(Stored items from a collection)
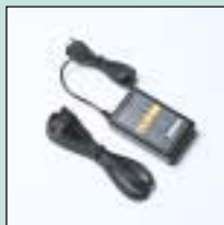
788011 AC adapter
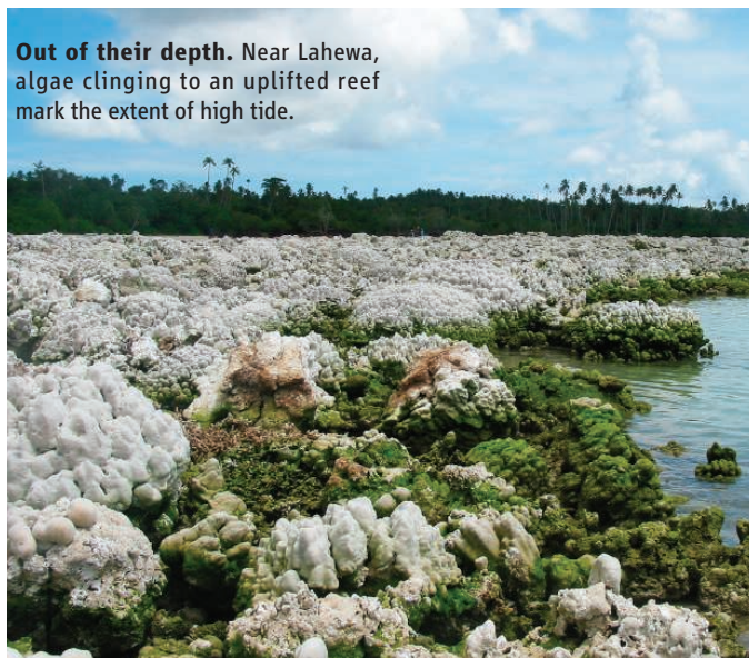
Out of their depth. Near Lahewa, algae clinging to an uplifted reef mark the extent of high tide.

CREDITS (TOP TO BOTTOM): KERRY SIEH AND ARON MELTZNER; DANINY HILMAN NATAWIDJAJA
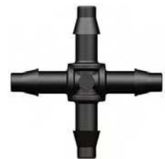
Cross 4.5 mm Barb
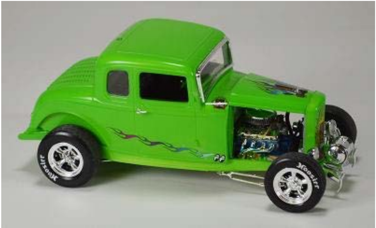
Hector Gonzalez's 1932 Ford 5-Window Coupe 1/25th scale Revell
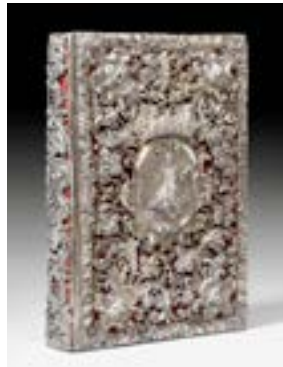
A164 / 343 SILVER BINDING , Augsburg (?), late 17th century.
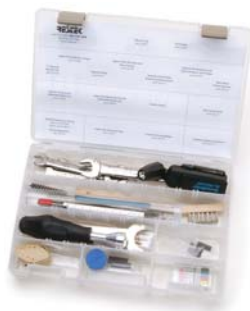
For Agilent GCs (cat.# 22186)
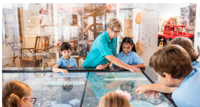
Five air-conditioned galleries Explore Cairns past, present and future Spark imagination and creativity with interactive displays, learn the history of Cairns and what shapes us today.
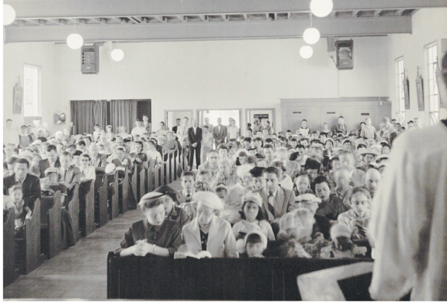
◀ Mass at Our Lady of Grace Parish in Castro Valley, circa 1956.
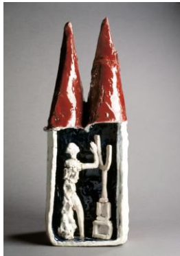
1. Fausto Melotti Orfeo ( Orpheus ), 1945 ca Glazed polychrome ceramic 59 x 20 x 10 cm

Estorick Collection of Modern Italian Art, London, www.estorickcollection.com @Estorick
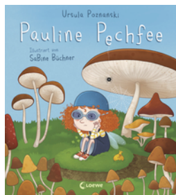
Pauline the Flop-Fairy
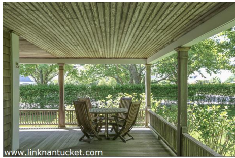
Veranda facing Main Street
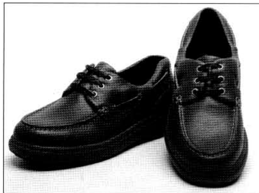
SureFit UltraLITE Cruiser

It is virtually impossible to fit all of your patients using one style or last. SureFit UltraLITES are built on different lasts to accommodate various foot shapes and deformities. Using our simple
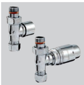
Valves: see page 132
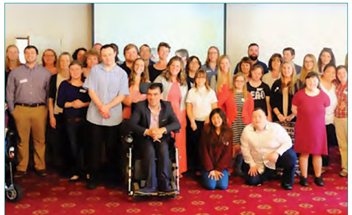
Attendees at the colloquium

It is hoped that, in future, the programme provision model in higher educational institutions will disappear and going to college will become a natural part of the life cycle for all who wish to attend. For more information contact ili@nuim.ie
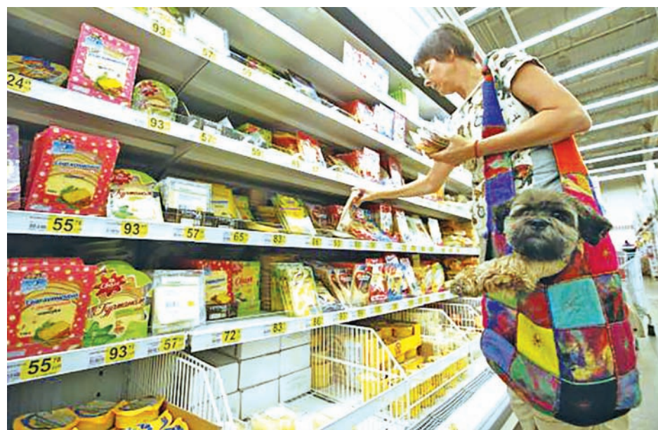
A customer picks up cheese at an Auchan grocery store, with a dog seen inside her bag, in Moscow on 18 Aug, 2014.
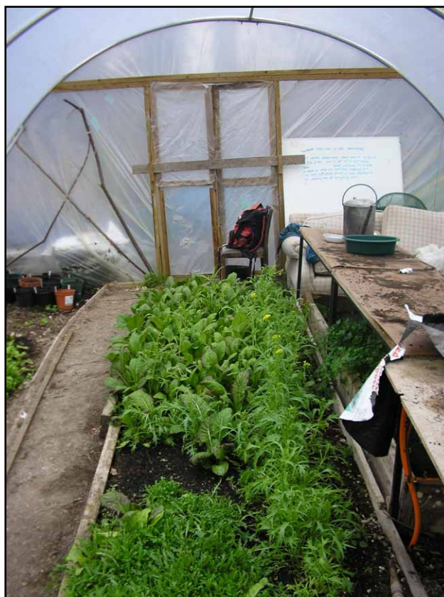
Oriental salad growing in the polytunnel during the winter.

I have continued farming and composting, and bringing my own bags with me when I shop. Respectfully, I will remain committed to supporting local, organic, and fairly traded goods. I am thankful for the time I spent at Moulsecomb.
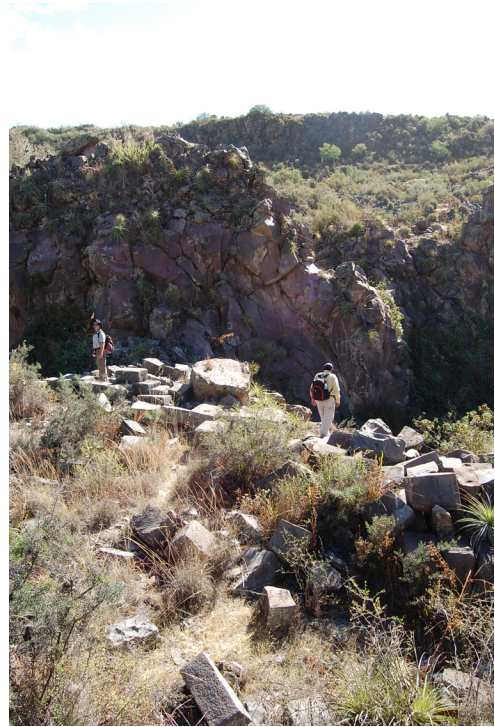
Fig. 4: Inca carved andesite blocks within the Rumiqolqa quarry, Dennis Ogburn to the left and Julio Cesar Sierra to the right.

In an article published in the first edition of the graduate journal Papers from the Institute of Archaeology , Hunt (1990) provided petrographic descriptions of these same andesites. He described the Rumiqolqa samples as 'hornblende andesite, with primary phenocrysts of plagioclase feldspar, basaltic hornblende and biotite; there is a little pyroxene and occasional xenoliths of apatite and ilmenite'. The Huaccoto samples were described as 'biotite andesite, with phenocrysts of plagioclase feldspar and biotite; hornblende is present but infrequent' (ibid. 26, 27). Hunt matched these petrographical differences with differences in colour and physical properties, which served to
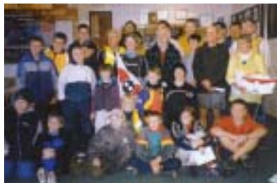
All the skippers

The Pleasant Point Yacht Club's South Island and Canterbury Provincial Championships, held last month in Christchurch New Zealand, attracted 30 entries. The event was superbly well organised and thoroughly enjoyed by all the contestants, friends and families.

WHAT YOU WILL DO: Those lines of the records above that run from the one containing "Pauline the Flop-Fairy" through the one containing "It is virtually" should be returned exactly, with no pictures among them.

WRITTEN REPLY:
Pauline the Flop-Fairy
Veranda facing Main Street
SureFit UltraLITE Cruiser

It is virtually impossible to fit all of your patients using one style or last. SureFit UltraLITES are built on different lasts to accommodate various foot shapes and deformities. Using our simple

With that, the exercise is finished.